• Directions: Find the line with "원스텝뉴스 이병희 기자" in the entries below. Repeat it, every following line, and the line with "Queen Size Nailhead", exactly and with nothing added.

• Data supplied:
........

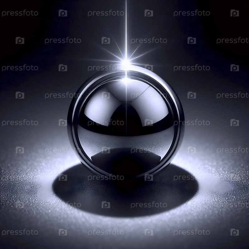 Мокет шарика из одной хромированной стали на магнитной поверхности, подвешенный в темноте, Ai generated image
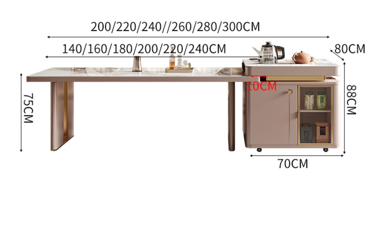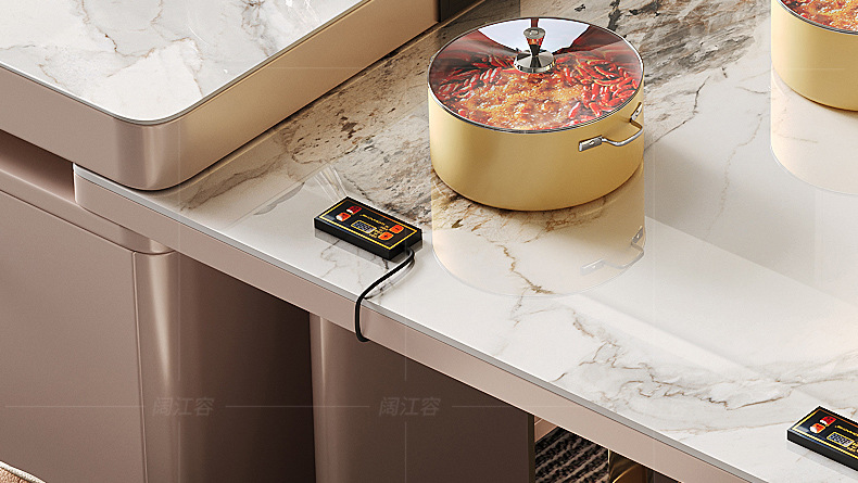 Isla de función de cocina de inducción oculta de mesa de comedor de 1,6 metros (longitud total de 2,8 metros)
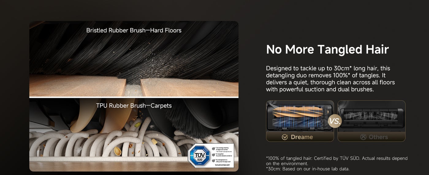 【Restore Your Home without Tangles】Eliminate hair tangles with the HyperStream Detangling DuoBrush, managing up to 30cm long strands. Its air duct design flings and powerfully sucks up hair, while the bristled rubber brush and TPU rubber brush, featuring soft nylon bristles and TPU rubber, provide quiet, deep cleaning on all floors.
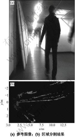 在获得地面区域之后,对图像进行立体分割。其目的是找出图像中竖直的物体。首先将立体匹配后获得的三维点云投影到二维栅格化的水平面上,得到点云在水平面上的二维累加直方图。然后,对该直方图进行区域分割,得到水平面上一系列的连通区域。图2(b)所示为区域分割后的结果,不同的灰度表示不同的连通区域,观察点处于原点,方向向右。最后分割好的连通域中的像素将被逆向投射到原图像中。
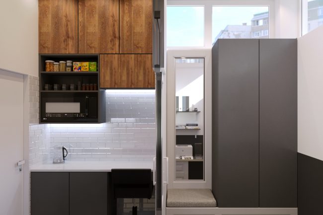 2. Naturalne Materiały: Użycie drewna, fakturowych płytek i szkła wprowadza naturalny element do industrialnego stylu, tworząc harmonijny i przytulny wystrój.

........

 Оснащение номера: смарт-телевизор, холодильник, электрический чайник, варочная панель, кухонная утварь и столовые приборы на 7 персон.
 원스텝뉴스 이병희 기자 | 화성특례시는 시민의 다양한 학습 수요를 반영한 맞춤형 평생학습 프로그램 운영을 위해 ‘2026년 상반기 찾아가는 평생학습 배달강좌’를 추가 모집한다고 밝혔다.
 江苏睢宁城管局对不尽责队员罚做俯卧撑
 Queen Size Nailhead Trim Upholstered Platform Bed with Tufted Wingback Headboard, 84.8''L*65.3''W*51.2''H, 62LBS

........

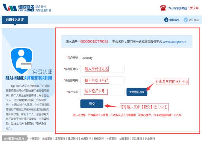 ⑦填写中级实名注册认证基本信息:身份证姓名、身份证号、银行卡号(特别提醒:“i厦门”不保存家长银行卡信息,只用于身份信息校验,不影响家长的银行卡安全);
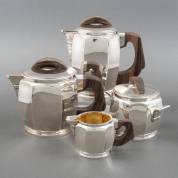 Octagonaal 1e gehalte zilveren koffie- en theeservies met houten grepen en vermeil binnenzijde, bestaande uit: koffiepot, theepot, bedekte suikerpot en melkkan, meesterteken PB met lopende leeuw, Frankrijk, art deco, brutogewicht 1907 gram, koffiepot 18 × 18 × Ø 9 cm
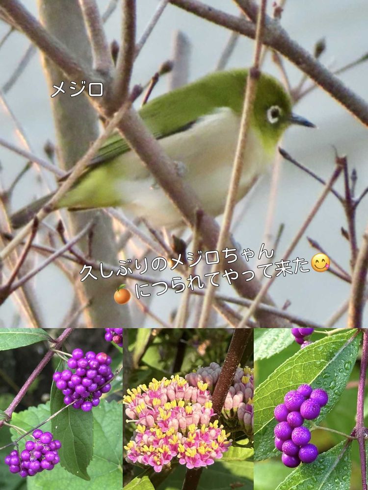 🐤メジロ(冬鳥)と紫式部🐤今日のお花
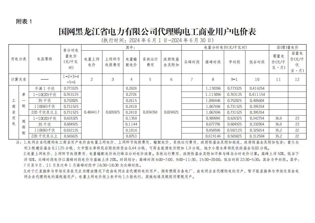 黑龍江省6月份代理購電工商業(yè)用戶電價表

........

• Response box:
 원스텝뉴스 이병희 기자 | 화성특례시는 시민의 다양한 학습 수요를 반영한 맞춤형 평생학습 프로그램 운영을 위해 ‘2026년 상반기 찾아가는 평생학습 배달강좌’를 추가 모집한다고 밝혔다.
 江苏睢宁城管局对不尽责队员罚做俯卧撑
 Queen Size Nailhead Trim Upholstered Platform Bed with Tufted Wingback Headboard, 84.8''L*65.3''W*51.2''H, 62LBS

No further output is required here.